Saturday was still Shabbat, the Sabbath, which I still observed. But I felt less and less connected to the Saturday morning service, and even more distant from the weekly Torah reading. Covid-19 has only widened that disconnect. 

But I feel more connected than ever to my ancestors. Not so much the biblical ancestors — Abraham, Isaac, and Jacob; Sarah, Rebecca, Leah, and Rachel — but my personal ancestors. The ones I spend so much time researching and occasionally writing about. 

While the Torah names the men who left their homeland and went down to Egypt, I’m thinking about the women who came before me. 

I’m thinking about my mother and her mother, both of blessed memory, born into poverty in western Pennsylvania, making a better life for their children. 

I’m thinking about the women who came before them, struggling to survive the Great Famine in Ireland and the coalfields of Scotland and the peasant farms of west Hungary. They participated in their own exodus, joining the waves of immigrants who left semi-feudal Europe for the promise of the New World.

My quest to learn more about these women and their families is also a quest to understand myself better. Where do I come from? What have they passed down to me — genetically, materially, emotionally, morally? 

When I am up by myself late at night, researching one more ancestor or doing one more crossword puzzle, I sometimes think I’m turning into my mother. Her nocturnal habits were driven by a sleep disorder. What’s my excuse? I berate myself for not getting to bed on time.

My excuse, I guess, is that it’s not the simple matter of choice or self-control that it seems. Thankfully I don’t have narcolepsy like Mom. But there is something going on with my brain chemistry that propels this late-night anxiety and intellectual activity. It feels as though it controls me, rather than the other way around.

Berating myself is another way that I am like Mom but don’t want to be. Everyone else saw her generosity and thoughtfulness, her inner and outer beauty. She saw her “failings,” as she called them. I wrestle with a pervasive feeling that nothing I do is good enough — that I’m not good enough. 

My personal Exodus is a struggle to emancipate myself from this mental slavery. None but myself can free my mind. 

And all of a sudden, I have the feeling that my female ancestors are trying to help. Rather than judging me, as I once imagined, they’re cheering me on. 

“We left economic bondage in Europe, crossed the sea, built new lives so that you could be free,” they are saying. 

They knew hardship and tragedy. One of my great-grandmothers pleaded with a judge to free the husband who had hit her in the face with a shoe, giving her two black eyes. Another had a son who committed suicide after trying to kill his ex-wife and her boyfriend. Another lost a brother in a police shootout. The fourth great-grandmother was orphaned at age six, raised by her older siblings, and married as a girl of 17. 
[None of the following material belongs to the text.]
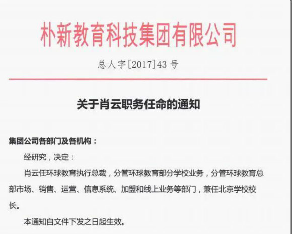 肖云任環(huán)球教育執(zhí)行總裁,分管環(huán)球教育部分學(xué)校業(yè)務(wù),分管環(huán)球教育總部市場、銷售、運(yùn)營、信息系統(tǒng)、加盟和線上業(yè)務(wù)等部門,兼任北京學(xué)校校長;

My grandmothers had it better than that, but they both left school and went to work by age 13. My mother and her sister finished high school and won themselves full scholarships to college, which they needed because their father thought educating girls was a waste of money. 

All of these women broke the paths that helped me get where I am.

These are the names: 

Rita O’Neil Smith. Anna Bosits/Bush O’Neil. Johanna Akerman Smith. Theresa Puskarits Bosits. Catherine Kelly O’Neil. Elizabeth Schmidt Smith. Pauline Fritsch Akerman.

There are many others. I will name just one: Debora Spira, my great-great-grandmother and the only female Jewish ancestor I have yet identified. 

These are the names.

What is the Mary Oliver Challenge? Glad you asked! You can read about it here.

One thought on “These Are The Names

  1. Wonderful story, Carole. You might be interested in knowing that the 12 sons of Jacob have something very important to teach us about ourselves. “Gather yourselves together, that I may tell you that which shall befall you in the end of days,” revealing what we will encounter as we are taken through God’s marvelous 12-step healing process, through which we overcome our spiritual (mental and emotional) bondages. What a gift we have been given!